Available records =>
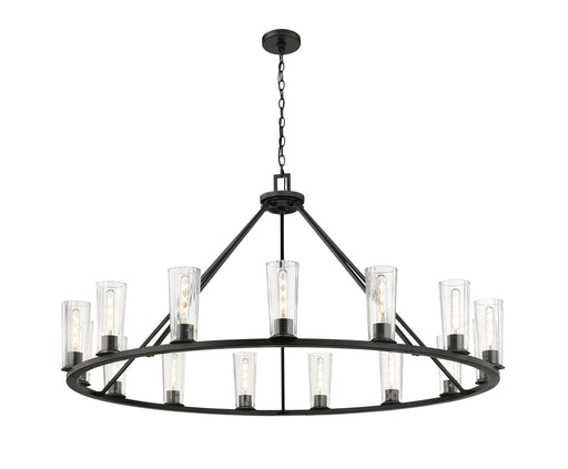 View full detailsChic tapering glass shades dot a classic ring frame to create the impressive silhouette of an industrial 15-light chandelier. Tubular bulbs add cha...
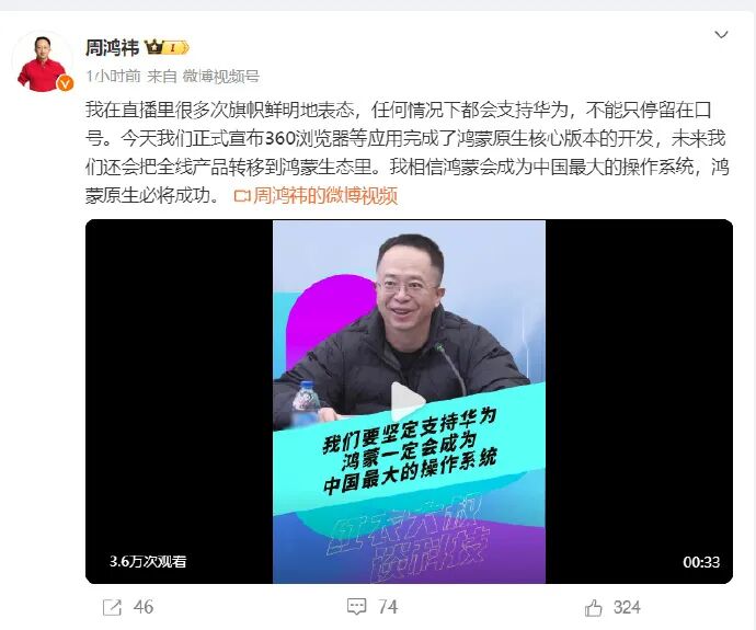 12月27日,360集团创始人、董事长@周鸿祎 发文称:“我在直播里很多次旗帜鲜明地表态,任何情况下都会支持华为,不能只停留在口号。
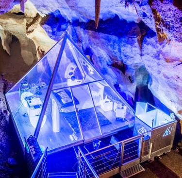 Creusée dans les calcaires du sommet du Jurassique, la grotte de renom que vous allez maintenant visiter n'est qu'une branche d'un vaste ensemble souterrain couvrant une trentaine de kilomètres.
---
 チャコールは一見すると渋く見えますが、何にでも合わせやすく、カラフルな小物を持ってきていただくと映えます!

Instructions for the task =>
Given the listing above, retype only the span of lines from the line with "View full detailsChic" up to and including the line with "12月27日,360集团创始", exactly as it stands and without pictures.

Reply to the exercise =>
 View full detailsChic tapering glass shades dot a classic ring frame to create the impressive silhouette of an industrial 15-light chandelier. Tubular bulbs add cha...
 12月27日,360集团创始人、董事长@周鸿祎 发文称:“我在直播里很多次旗帜鲜明地表态,任何情况下都会支持华为,不能只停留在口号。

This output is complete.